Fermez les yeux quelques instants et laissez vous embarquer quelques instants. Laissez-vous embringuer plusieurs décennies en arrière, sous les brumes d'un petit pays de cette Mittel Europa dont on ne parle malheureusement guère que pour fustiger son actuel président, autocrate droitier à l'ancienne mode ; cependant, oubliez-le présent, si vous le voulez bien.

Voila... Vous êtes calés ? Gardez les yeux encore fermé quelques instants. Imaginez... Vous êtes en Hongrie, en sa capitale Budapest pour être plus précis. Mieux encore, vous êtes attablés à la terrasse d'un de ses innombrables cafés tellement vivant, et pas des moindres puisqu'il s'agit du Central, où vous avez vos habitudes depuis déjà pas mal de temps ; depuis le début de ce siècle si surprenant, violent et génial à la fois, tandis que vous étiez encore bien jeune et grand admirateur de l'oeuvre du français Jules Verne.

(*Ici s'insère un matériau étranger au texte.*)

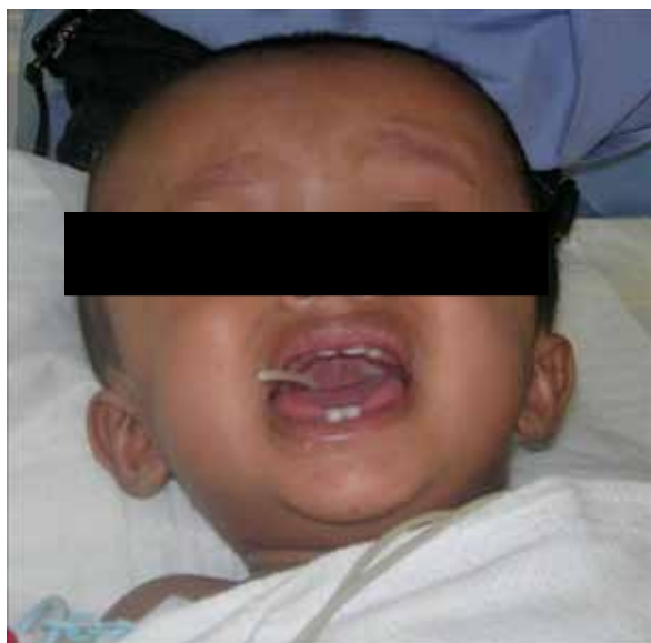
Figure 1: Ventriculoperitoneal shunt tip protruding periorally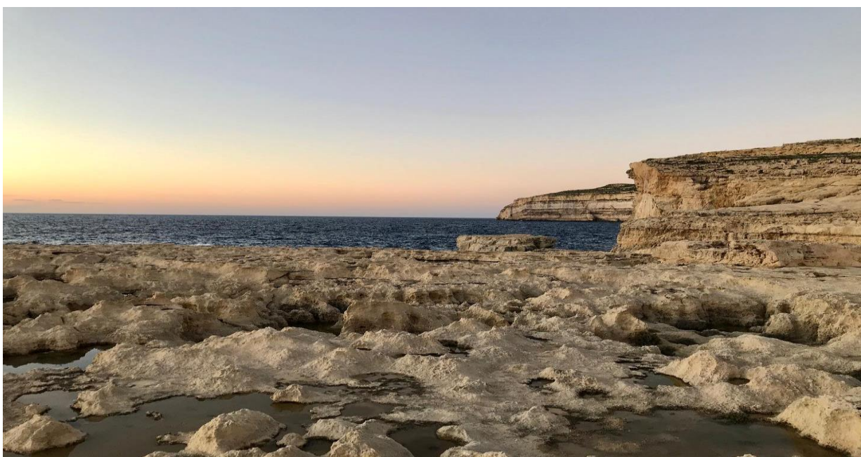
Coastal Landscape, Gozo Island, Malta

Following a successful visit to Malta in November last year, it was planned that our Spring Meeting would take place in Malta in early February 2022. Unfortunately, this was not possible due to the ongoing Omicron crisis. This had nothing to do with any suggestion that Malta itself is not safe. Many people wishing to travel to Malta had to engage in longer journeys involving trains, planes and intermediate stations. This was unfortunately very difficult to organize under the current conditions. The consequence of this is that the national organizations were not in a position to provide insurance cover, for persons undertaking a journey on behalf of Entente Florale Europe. We therefore, ask for understanding that this meeting is now to be held on Zoom on Friday 4 th February 2022.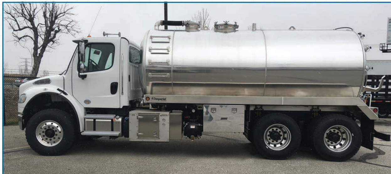
2018 FREIGHTLINER M2-106

505 HP CUMMINS ENGINE • ALLISON AUTOMATIC • FULL LOCKERS • 20000 FRONT, 46 REARS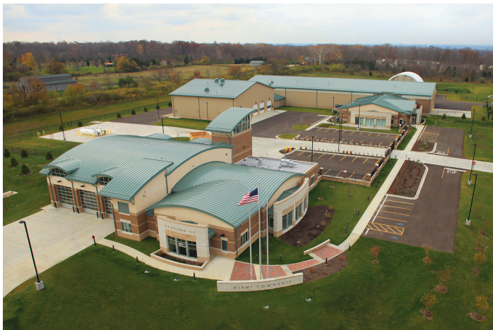
Aerial Photo Taken at Miami Township Fire Station and Public Works Facility

If you have a project that would photograph especially well aerially, or if you are interested in on-site videography, contact Perfect Perspectives at www.perfectperspectivesaerial.com for a quote or see External Communications Coordinator, Caroline Morgan.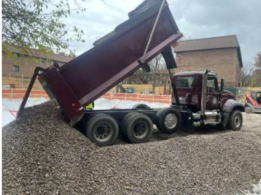
Photo 1: View of 3/4-inch RCA imported for construction of the temporary equipment ramp in the central part of the site (facing northeast).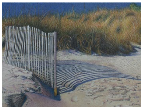
Work by Donna Slade

Colored pencil is a relatively new fine art medium, when compared with oils, watercolors, etc. The Colored Pencil Society of America has increased the popularity of the medium many times over. The Colored Pencil Society of America (CPSA) was founded in 1990 as a nonprofit organization for colored pencil enthusiasts working to promote colored pencils as a fine art medium by sponsoring exhibitions and workshops, being in-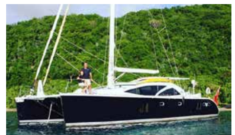
CURANTA CRIDHE 15.30 m 6/2 West Mediterranean 16,000/15,000 €/week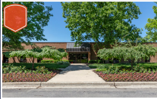
Eisenhower Commerce Center 1300 - 1390 Eisenhower Place 6,321 SF Available $15.00 PSF (NNN)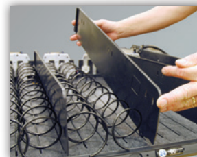
Re-configure trays to almost any package size in the field with no need for tools.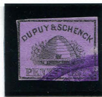
FORGERY E TAYLOR 1c BLACK ON VIOLET SC (60L2)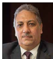
Alaa El Batal CEO - Egyptian General Petroleum Corporation (EGPC)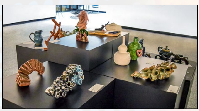
Polk State Arts Day 2016 - Student Artwork

Polk State Winter Haven Fine Arts Gallery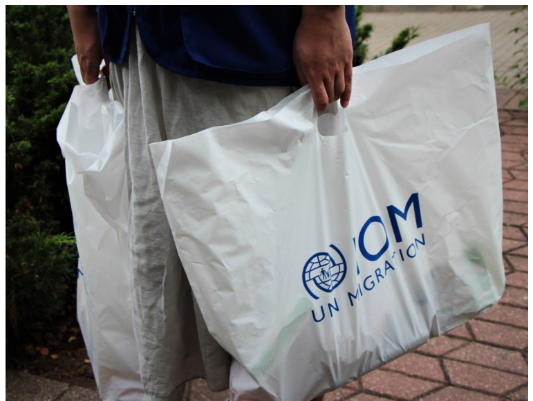
Bags with food and hygiene items provided to people fleeing Ukraine

In addition to the Ukrainian response, assistance is provided on a permanent basis to other migrants, mainly those approaching IOM for consultations and with requests for voluntary return to their countries of origin. Those who do not have shelter are accommodated in a hotel or hostel. Hot meals are provided to an average of 20 migrants accommodated in the hotel every week. Migrants who accept IOM support in the hostel are provided with food and hygiene kits on a regular basis, as well.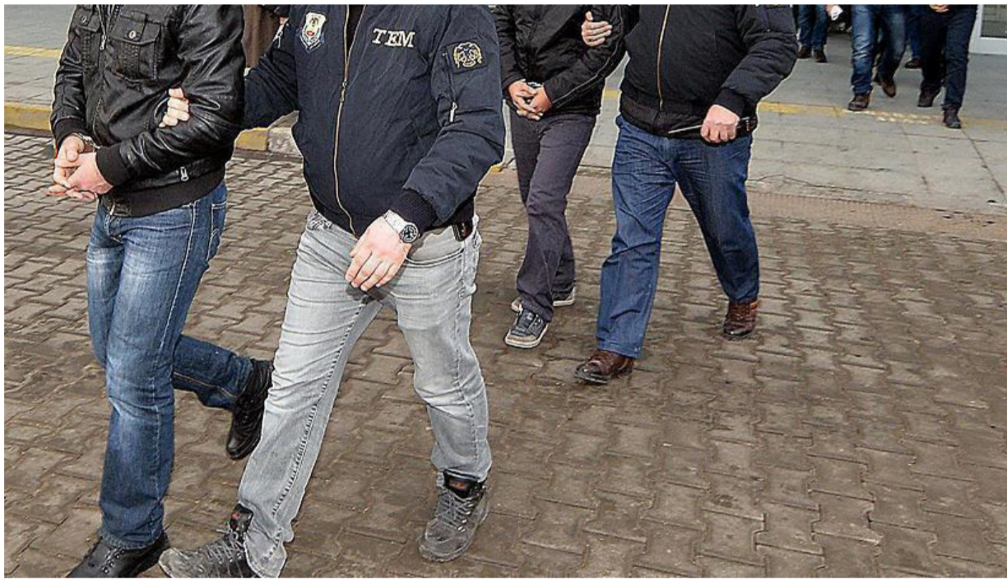
By Harun Kaymaz

Suspects are suspended teachers, according to security source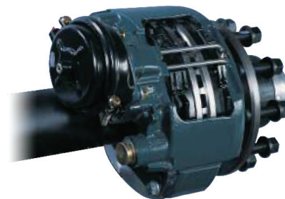
Shown with WABCO PAN19-1 Caliper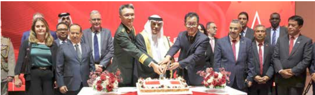
Cake-cutting ceremony is one of the highlights of the event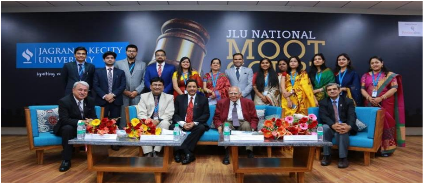
Dignitaries of JLU and faculty of SOL with the living legend Advocate Ram Jethmalani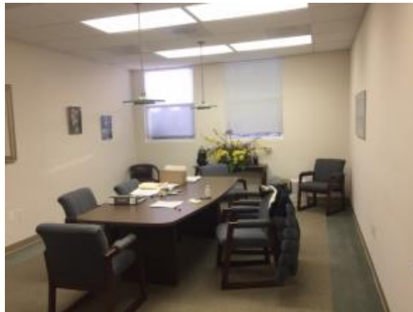
2 nd floor area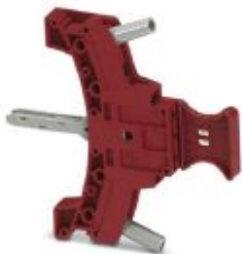
Test plug, number of positions: 1, width: 9 mm, color: red

Please be informed that the data shown in this PDF Document is generated from our Online Catalog. Please find the complete data in the user's documentation. Our General Terms of Use for Downloads are valid ( http://phoenixcontact.com/download )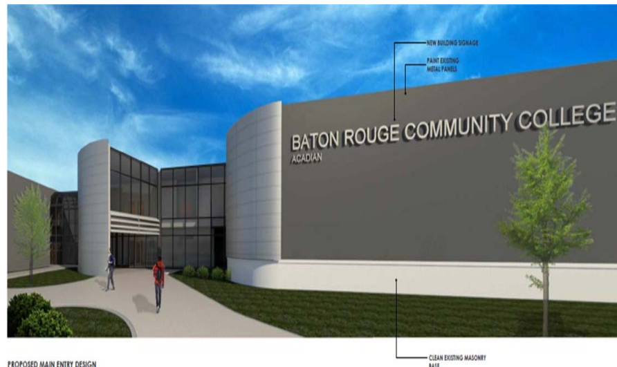
PROPOSED MAIN ENTRY DESIGN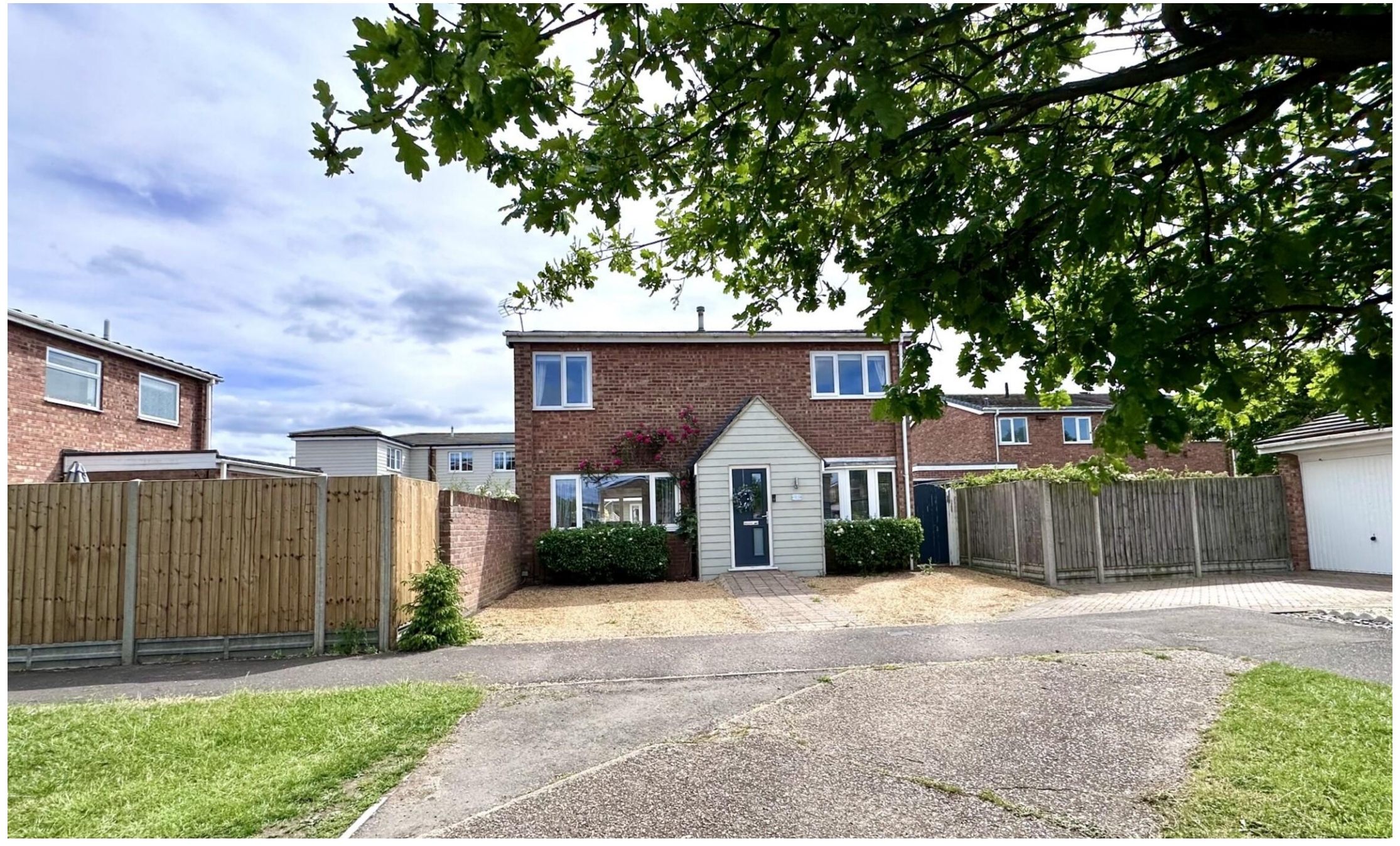
Herons Close, Ely, Cambridgeshire CB6 3EF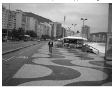
Brazil - Copacabana mosaics

ways on motion sensors, and the room lights cannot be turned on or left on without a room key. Brazil is proud of its energy-conservation policies, but it also boasts over 600 "favelas" (slums), many of which surround Rio.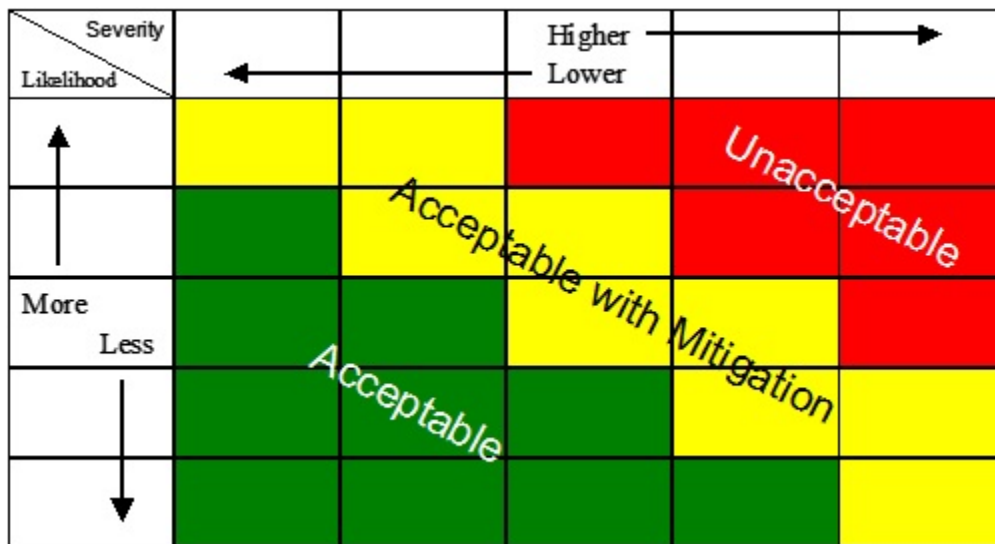
Figure A-2. Safety Risk Matrix Examples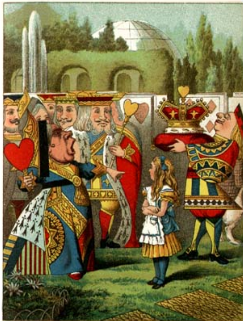
THE QUEEN SAID SEVERELY. "WHO IS THIS?"

"In my youth," said the sage, as he shook his grey locks, "I kept all my limbs very supple By the use of this ointment—one shilling a box— Allow me to sell you a couple."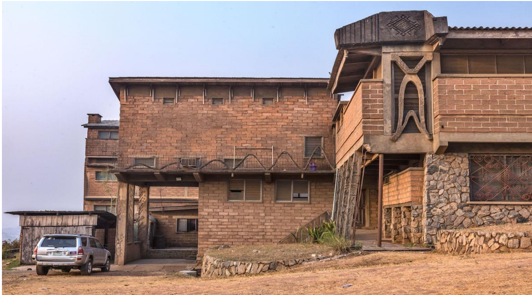
Figure 2. A portion of the Demas Nwoko-designed and -built New Culture Studio building.

The majority of Nigerians are still residing in colonial master's mansions nearly 60 years after the country's independence, yet this Ibadan home is nevertheless a shining example of how ancient technological advances in construction may be improved by modern creative architecture as demonstrated in Figure 3 below.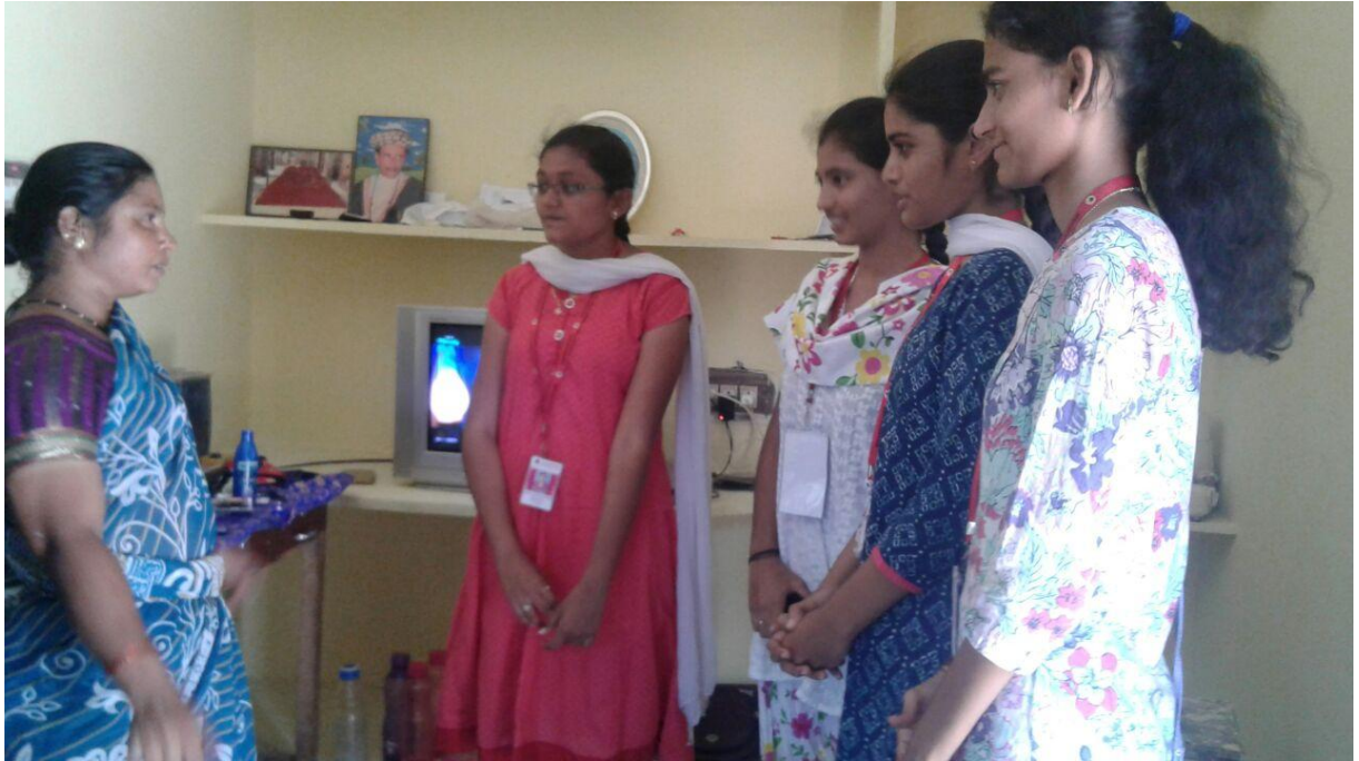
Volunteers interacting with villagers during Door to Door Campaign on Swachh Phakwad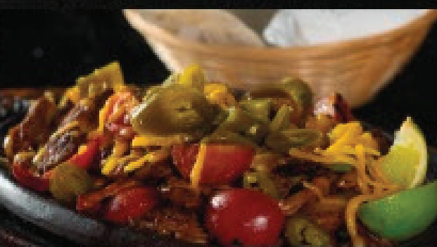
MEXICAN SIZZLING FAJITA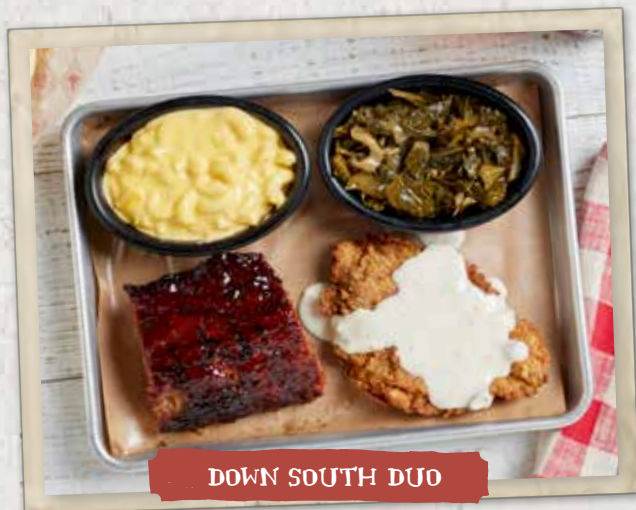
DOWN SOUTH DUO

✂ WE HAND-CARVE OUR MEATS TO ORDER BECAUSE WE BELIEVE A LITTLE EXTRA CARE MAKES FOR THE MOST TENDER, SUCCULENT CUTS OF MEAT.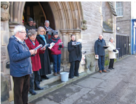
Christmas carol singing on the street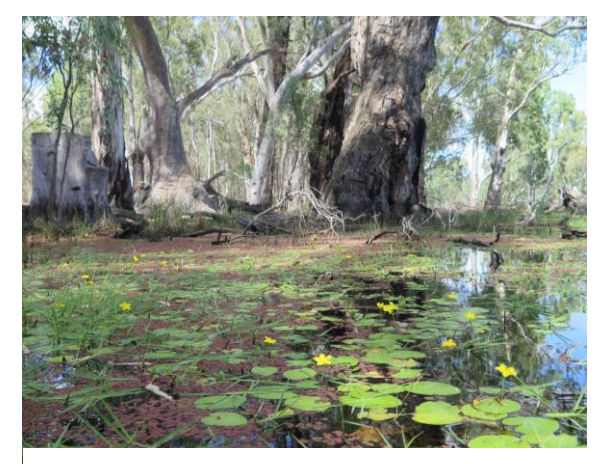
Reedy Lagoon after spring 2015 watering.

"Large areas of the forest flourished in spring 2015. The forest floor was luminescent with wavy marshwort, milfoils, rushes, water ribbons, swamp lily and sedges. The environmental water ensured there was aquatic habitat on the dry floodplain," Kate said.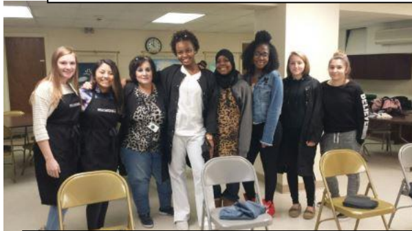
Students of Cosmetology gave free haircuts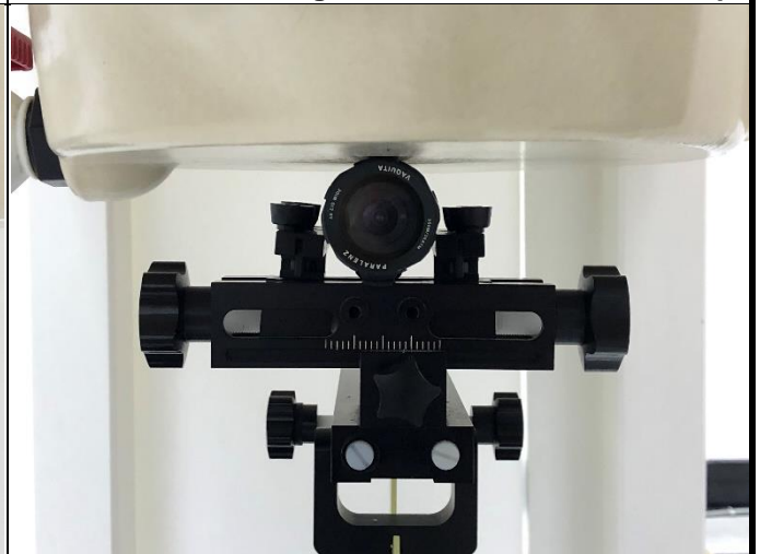
Bottom Side of EUT with 0 cm Gap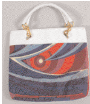
Fig 2. Lot 24. A Pucci printed velvet and leather beach bag, early 1970s, 41cm, 16in wide, in original box. (2) Hammer Price: £150. Kerry Taylor Auctions.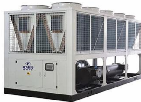
Air-cooled Laminating Screw Chiller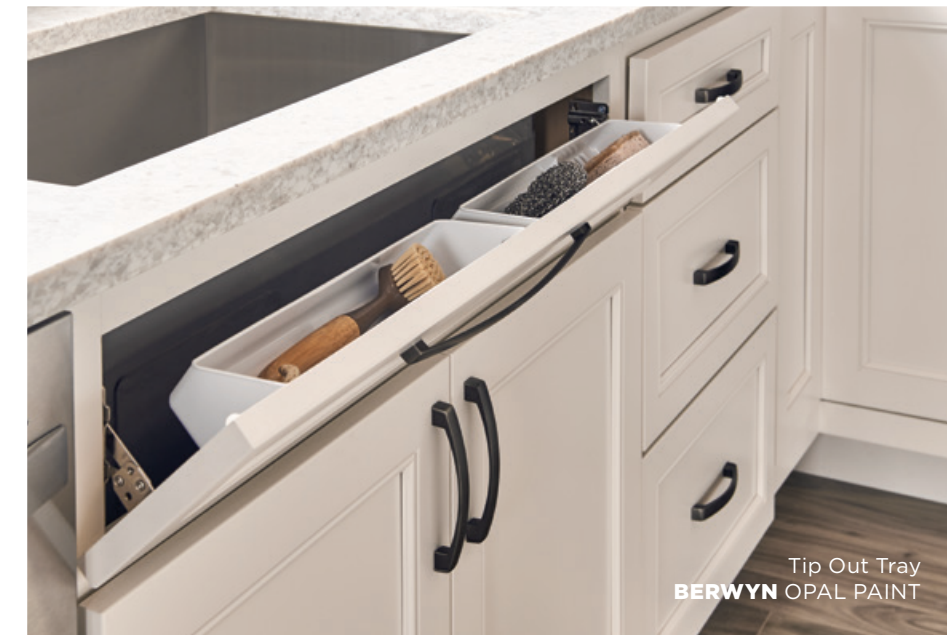
Tip Out Tray BERWYN OPAL PAINT

With this program, Wolf Classic becomes a complete cabinetry solution – so not only can you make a customized design statement, but you'll also enjoy extra design flexibility, easily accommodate the character of your space and incorporate the latest trends in vibrant colors – all in a fraction of the time. Just think outside the box.

Mais vous avez toutefois un peu vieilli et nous sommes en 1936. Les nazis sont installés au pouvoir dans l'Allemagne proche, vous en avez déjà quelque échos ici (ces imbéciles de l'extrême droite dont il arrive que les têtes mal-pensantes vous égratignent dans leurs torches-cul) mais rien qui puisse laisser présager du pire à venir. Vous préférez vous remémorer tous ces bons moments durant lesquels vous fûtes le centre de toutes les attentions, vous, l'écrivain moitié humoriste, moitié anarchiste, le poète sensible, l'imitateur redoutable et drôle des styles de vos contemporains, le dramaturge à ses heures, n'hésitant pas à vous donner en spectacle au zinc de ce bon vieux central - où dans tout autre grand café de la gentiment, de la loufoquement surréaliste Budapest -, imitant les manies, les gestes de vos semblables célèbres avec art, délectation, dérision et tendresse malgré tout, parce que si vous affirmez que votre plaisir préféré c'est une espèce de jeu de "Je dénonce l'humanité" (titre d'un de vos ouvrages en français), en réalité, en décrivant nos petits et grands travers, vous l'aimez, cette humanité. de toute manière, à l'instar de l'adage, (charité bien ordonnée, etc), vous êtes aussi un franc adepte de l'autodérision. Vous mêmes êtes un peu surréaliste, un peu 'pataphysicien, et c'est très probablement ce qui plait chez autrui.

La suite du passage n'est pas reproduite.